I’ve been a little reluctant to write anything about the Green Bay Packers simply because I kind of don’t know what is happening to them. Last Thursday I was talking with my friend Ottford while they were playing the Chicago Bears and we collectively may have gone through a rollercoaster of emotions that only those who are in psychotic relationships go through. One minute we were basically giving up all hope and conceded that nothing good is going to happen to this team.
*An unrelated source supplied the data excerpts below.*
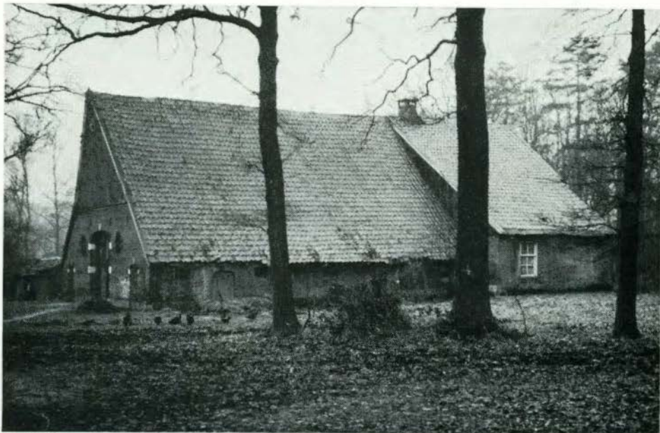
Het Wönnershoes van De Kuper

maar dit lijkt ons niet waarschijnlijk aangezien het in 1475 genoemde erve Krop in tegenstelling tot De Kuper een volgewaard erf was, terwijl dit erve Krop bovendien nog gelegen was tussen de erven Beuker en Veger in Lonneker.
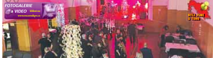
V Otaslavicích se tancilo v průběhu celého večera i noci.
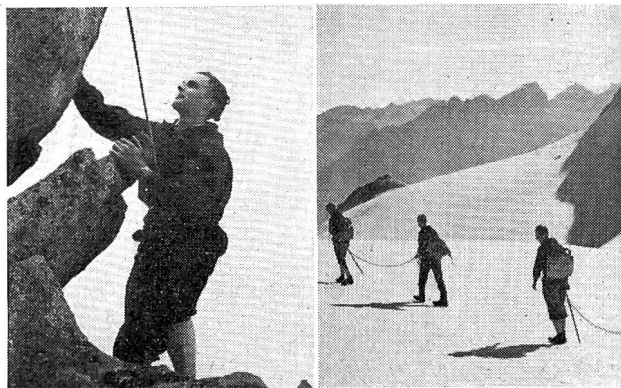
En montagne, tout paraît plus simple, plus riche! On se sent purifié!

L'alpinisme exige lui aussi une solide formation, mais une formation toute particulière qui s'étend sur plusieurs années. Un vétéran dirait même sur toute la vie! N'oublions jamais que la belle tâche qui nous a été confiée consiste précisément à conduire la jeunesse dans le merveilleux domaine des montagnes, afin d'enrichir ainsi sa vie et la nôtre.
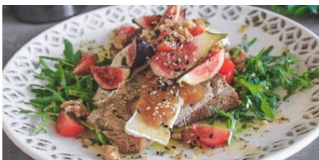
Bruschetta Brie, Figues et Noix
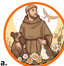
Beato Carlo Acutis

Precio TOTAL p/p: $4,687.00 en doble o triple Mín. 40 pasajeros, Máx. 48
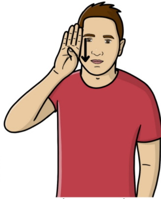
S'il vous plaît S'il te plaît
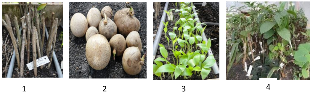
Gambar 1. Beberapa material tumbuhan: 1) material stek, 2) material bulbil, 3) material biji, 4) material split (anakan)

Aklimatisasi dilakukan terhadap material tanaman yang akan dijadikan koleksi di Kebun Raya Purwodadi. Tujuan utama dari aklimatisasi adalah menyiapkan bibit siap tanam untuk koleksi Kebun Raya Purwodadi. Proses aklimatisasi menentukan tingkat kehidupan material yang ditanam. Material tumbuhan dapat berupa vegetatif (seedling, split/anakan, umbi, rhizoma, bulbil dan stek) dan generatif (biji dan spora). Pada material spora ditanam pada media moss dan dibungkus rapat.
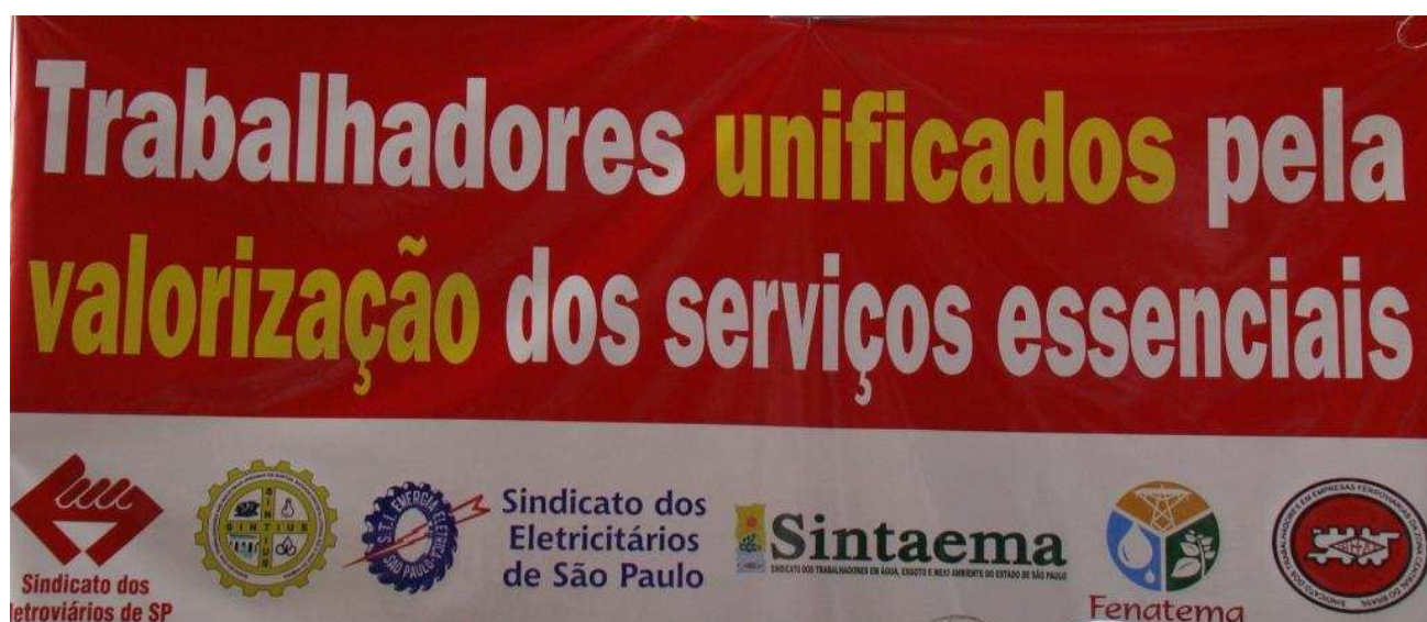
Entidades se uniram em prol dos trabalhadores.
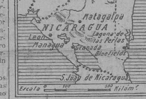
Map showing Honduras, Nicaragua, and surrounding regions.

WASHINGTON, 22.—A propuesta del departamento de Estado, ha zarpado con rumbo a La Ceiba (Honduras) un buque de guerra americano para proteger las vidas y haciendas de los súbditos extranjeros.
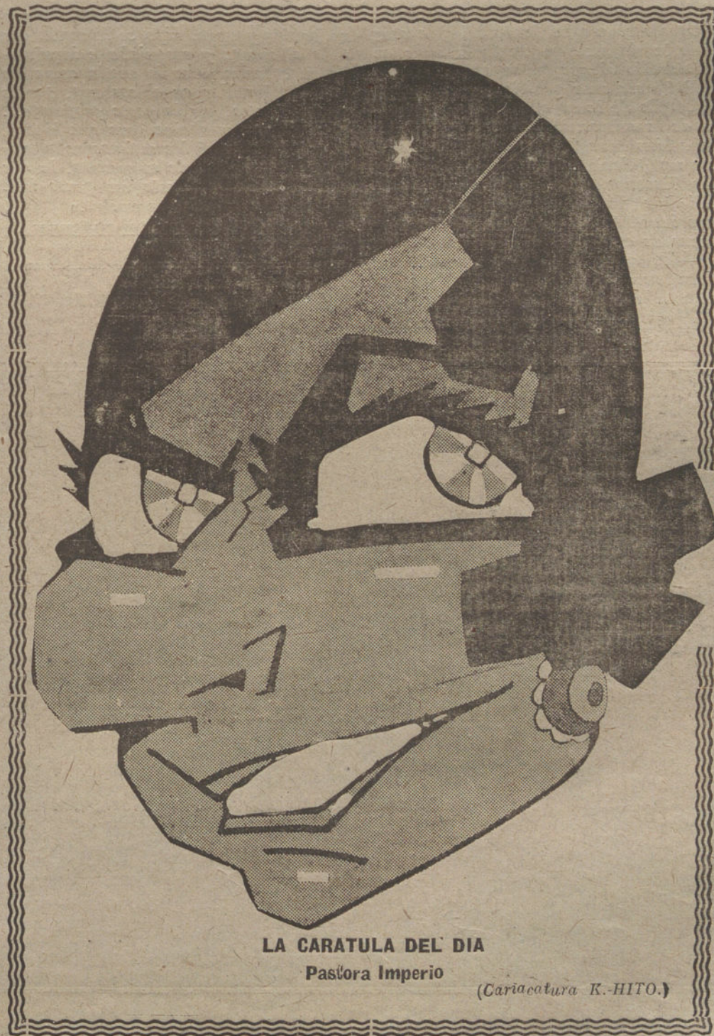
LA CARATULA DEL DIA

Cuatro divisiones griegas, que se componían de 60.000 hombres, han sido derrotadas, y el número de prisioneros se eleva a 6.000.—Radio.
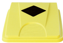
OUVERTURE : 10,5 X 10,5 CM 8 99 1102

TYPE DE COUVERCLES DISPONIBLES POUR COLLECTEURS TRI SÉLECTIF 60 ET 80 L
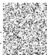
plk. RNDr. .... ředitel náměstek ..... ekonomiku
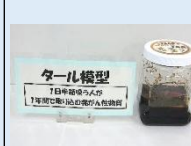
教材の展示で 啓発する
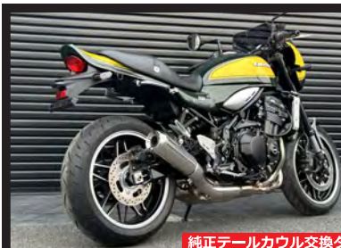
純正テールカウル交換タイプ
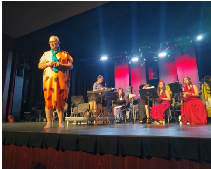
A koncert pillanatai

■ Telház előtt zajlott az Ajka-Csingervölgyi Zeneegylet Bányász Fúvószekara 41. alkalommal megtartott télbúcsúztató koncertje február 21-én a Nagy László Városi Művelődési Központban. A zenekedvelők már a kezdés előtt fél órával gyülekeztek. Érkeztek egykori zenekari tagok, akik az együtt töltött évekre emlékeztek, jelenlegi zeneiskolások, hozzátartozók.
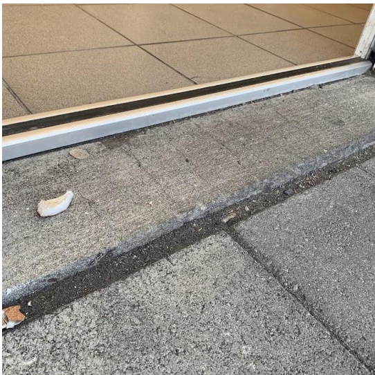
Álrampur en samt töluverð brík
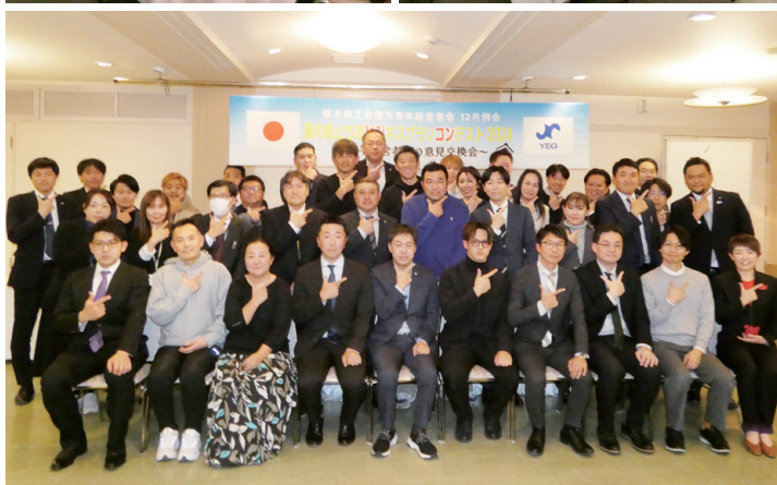
令和6年度の開催風景
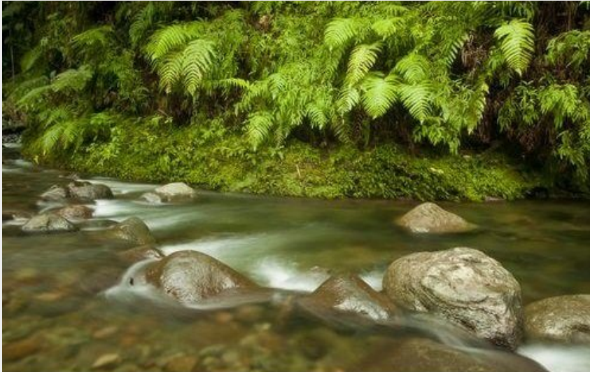
vue sur la rivière ...
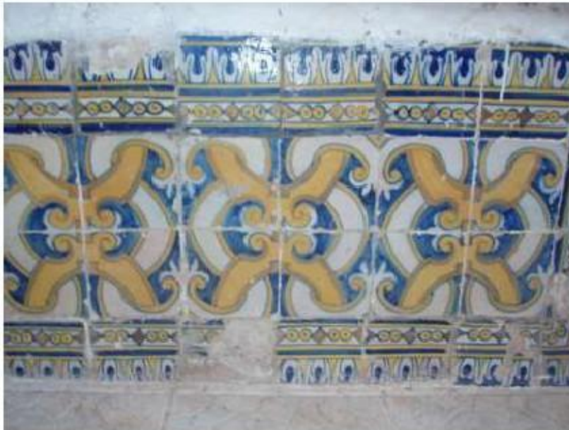
Fig.60 Convento de Nossa Senhora das Relíquias, Vidigueira Azulejos de Padrão FA
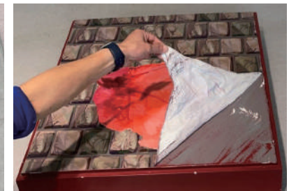
シート貼りによる糊残り
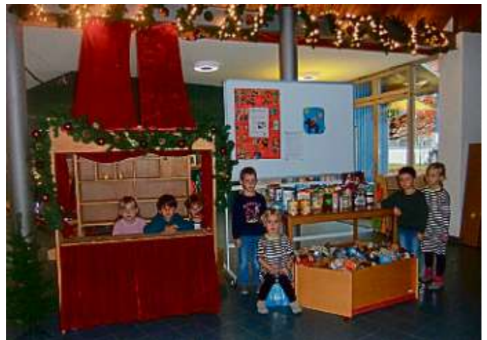
Auf dem Bild: die kleine Losbude und gespendete Lebensmittel
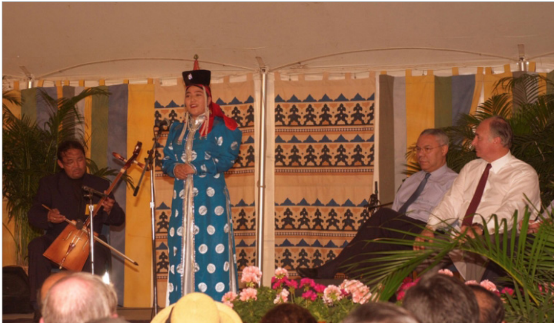
تصویر ۲. افتتاحیه مراسم جاده ابریشم در سال ۲۰۰۲ با حضور کالین پاول و آقا خان در واشنگتن (URL: 6)
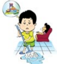
ធ្វើឲ្យកូនរបស់ខ្លួនក្លាយជា "អ្នកបម្រើ" ដោយមិនឲ្យមានពេលវេលារំលឹកនិងសិក្សា
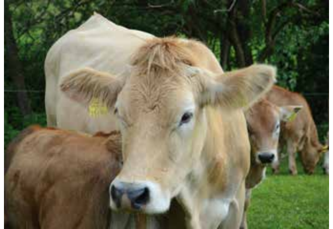
Abbildung 22: Fachgerecht enthornte Rinder reduzieren das Verletzungsrisiko bei der täglichen Tierbetreuung.

Unfälle bei der Tierhaltung stehen in der Unfallstatistik an vorderster Stelle. Speziell der Umgang mit Rindern zählt zu den gefährlichsten Tätigkeiten in der Landwirtschaft. Voraussetzungen für eine sichere Tierhaltung sind ein verständnisvoller, ruhiger und vorausschauender Umgang mit den Tieren, artgerechte Haltungsformen, arbeitssparende Mechanisierung für Fütterung, Entmistung und Milchgewinnung, befahrbare Verkehrswege, die einen Einsatz von Sackrodel und Schubkarren ermöglichen, rutschhemmende Böden, die Verhinderung von Stolperstellen, ausreichende Beleuchtung und eine fachgerechte Enthornung.
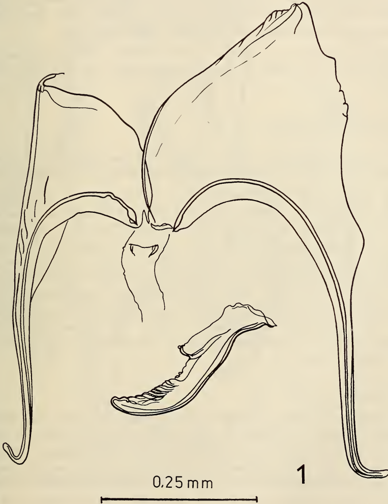
Abb. 1. Subgenitalplatte des Holotypus von Gnorimoschema elbursicum sp.n.

♀ – Subgenitalplatte (Abb. 1) deutlich breiter als lang, strukturlos, mit eingebuchtetem Proximalrand, der in Richtung zum ostium bursae mässig ausläuft. Vorderapophysen mittellang mit kurz gebogenen Spitzen. Colliculum klein, schwach sklerotisiert. Signum relativ gross und plump, mässig gebogen, mit stumpfer Spitze.
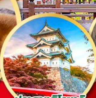
ปราสาทโงโระซากิ
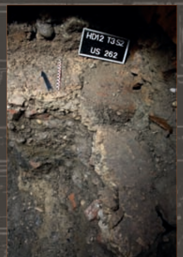
Vestiges de sol en béton antique (terrazzo) Remains of ancient concrete floor (terrazzo)
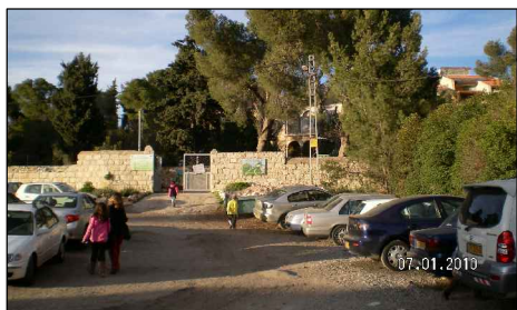
מבט מרחוב המגיד צפונה אל הכניסה למוזיאון הסבע
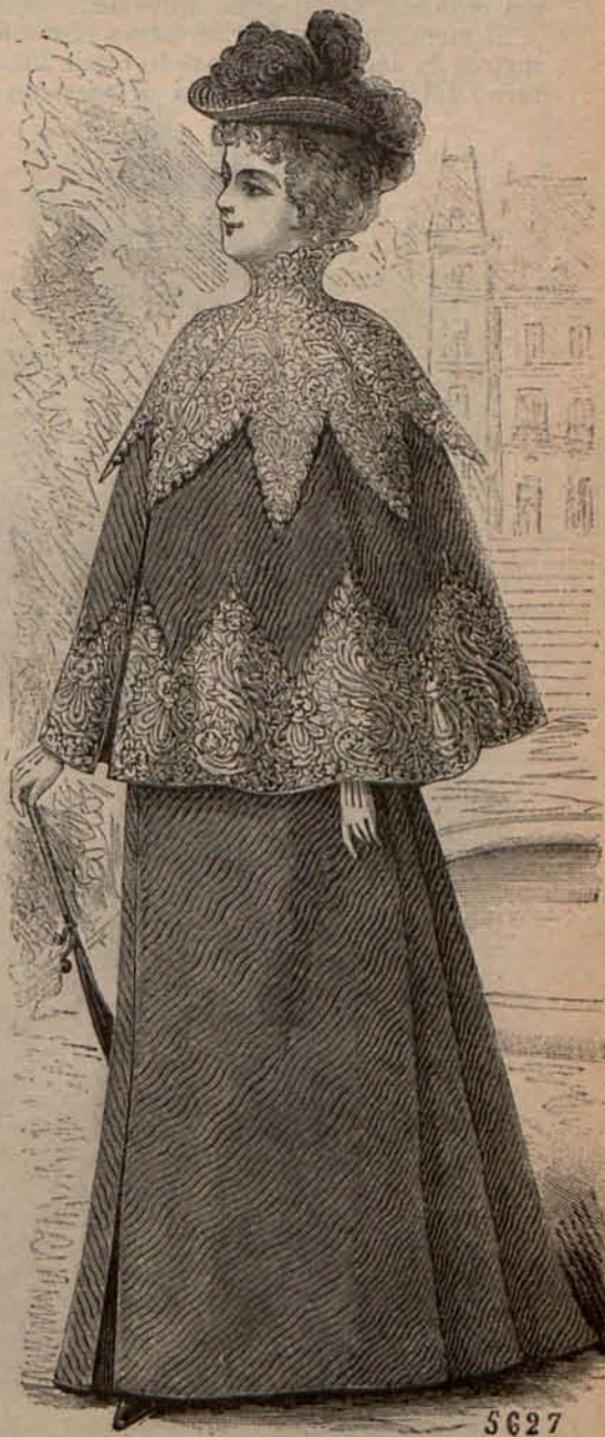
Núm. 7.—Cubre-polvo para viaje.

Como el tocado más á propósito para lawn-tennis , citaré el sombrerito canotier de paja lisa, blanca ó de color, sencillamente adornado con un
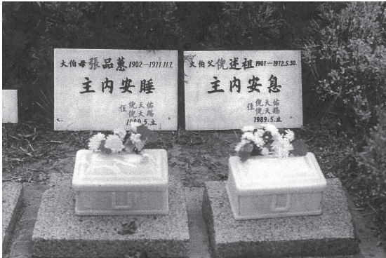
主僕倪柝聲及 師母之墓，安 葬於蘇州山上 公墓

1. 最後七封信都是舅父在1972年四、五月間寫給親人的。從七二年四月廿二日，五月六日，十六日，廿二日（二封信），廿六日，直到三十日。從這些信件，可見他一直期望與親人重聚，思念舅媽哀切情深，感人肺腑。（最後“七封信”是把四月末封信算在內，五月的六封信可見於拙著我的舅父倪柝聲增修版，金燈臺出版社）
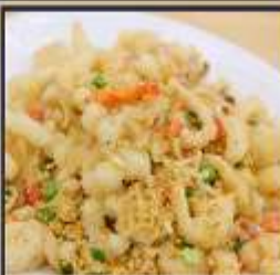
หมึกทอดกระเทียม
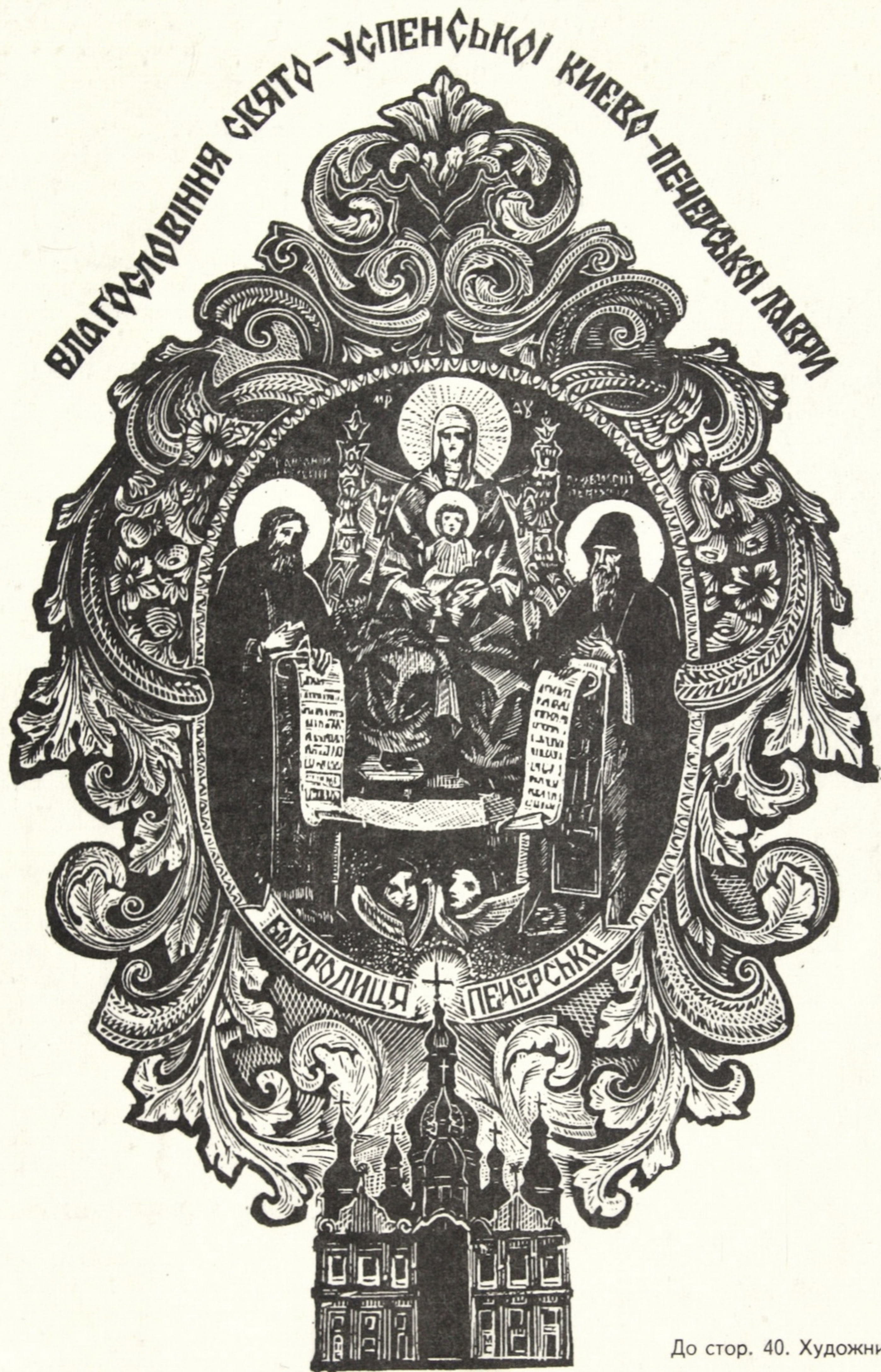
До стор. 40. Художник М.І.Стратілат
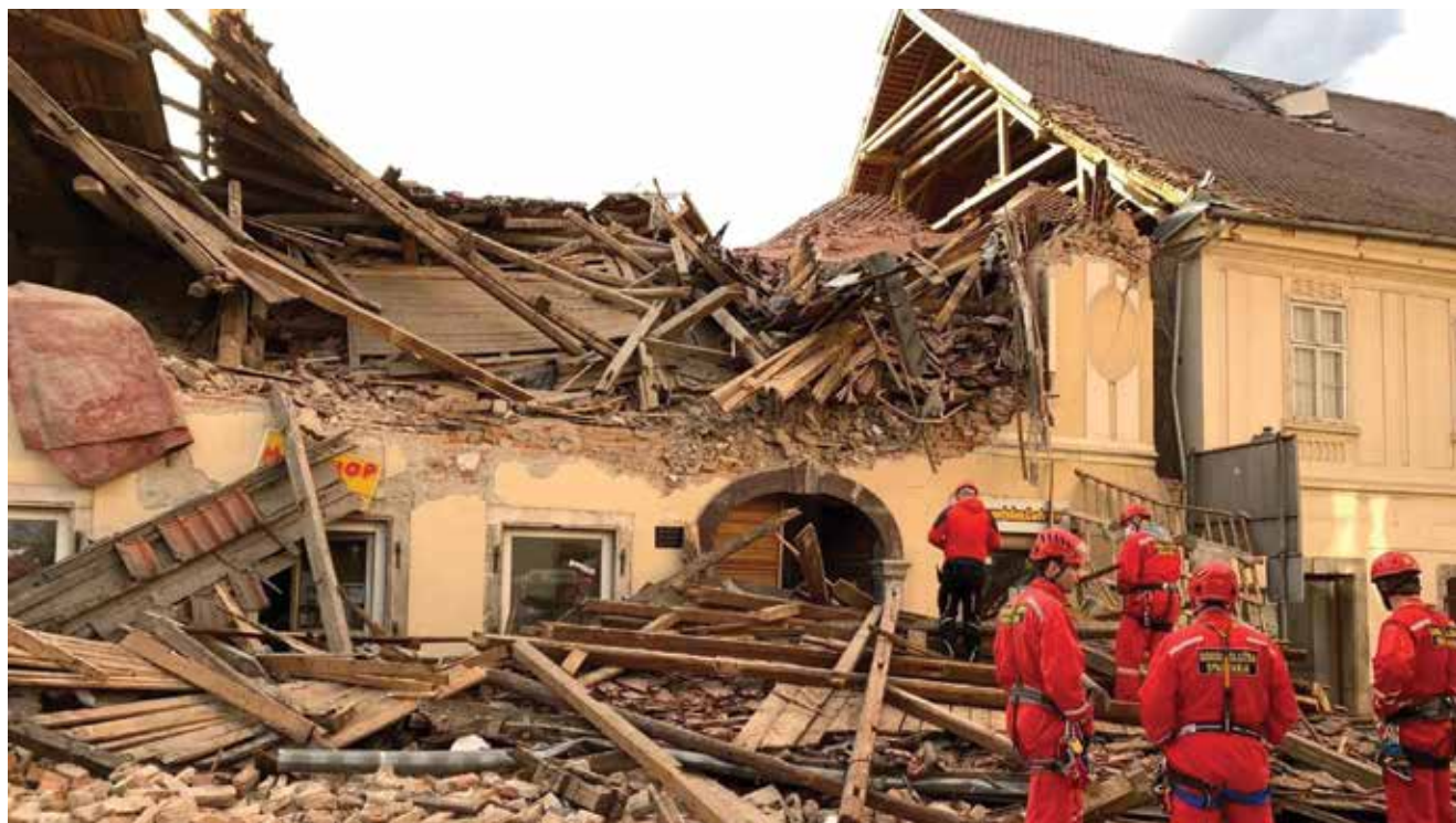
Zbog razornog potresa Vlada RH je proglasila katastrofu na pogođenom području

dobrim ljudima i tvrtkama koji su ih donirali.

The next moment their defense was playing better and we talked us into the idea that they have figured out how to play and everything is okay.
We’re sports fans, this is how it’s supposed to be, right?
Moving forward I’ve made a list to keep me sane while this football season is active, these are things that I need to remind myself because without this list to knock sense into me I may look back at this time in my life as an embarrassment. An embarrassment because I cared so much about things out of my control…
Reminder 1: The Packers had a historically horrible defense last year, why would they have pulled a total 180 this year?
Reminder 2: Their offense will pull their shit together.
Reminder 3: Even though Donald Drive has never dropped a pass in his entire life and is the most reliable player on the Packers, Aaron Rodgers obviously knows something I don’t know because he’s not passing to him every play.
Reminder 4: They’re going to get a running game. No they won’t. Yes they will. No they won’t!
Reminder 5: They won the Super Bowl when they were 9-7 and season long team momentum has never seemed so important. It’s okay if the Packers lose games.
Reminder 6: The Packers have the best quarterback in the NFL.
Reminder 7: Jermichael Finley will always piss me off; I shouldn’t be surprised about his rock hands.
Reminder 8: Once again: I’m not playing on the team so for me to think that I have a single bit of control makes me reverse insane. Just accept whatever is happening (This is a crutch… but seriously I need to actually believe this).
With these year long reminders I think I can successfully remain okay with what’s happening, win or lose – or at least pretend to be okay with things.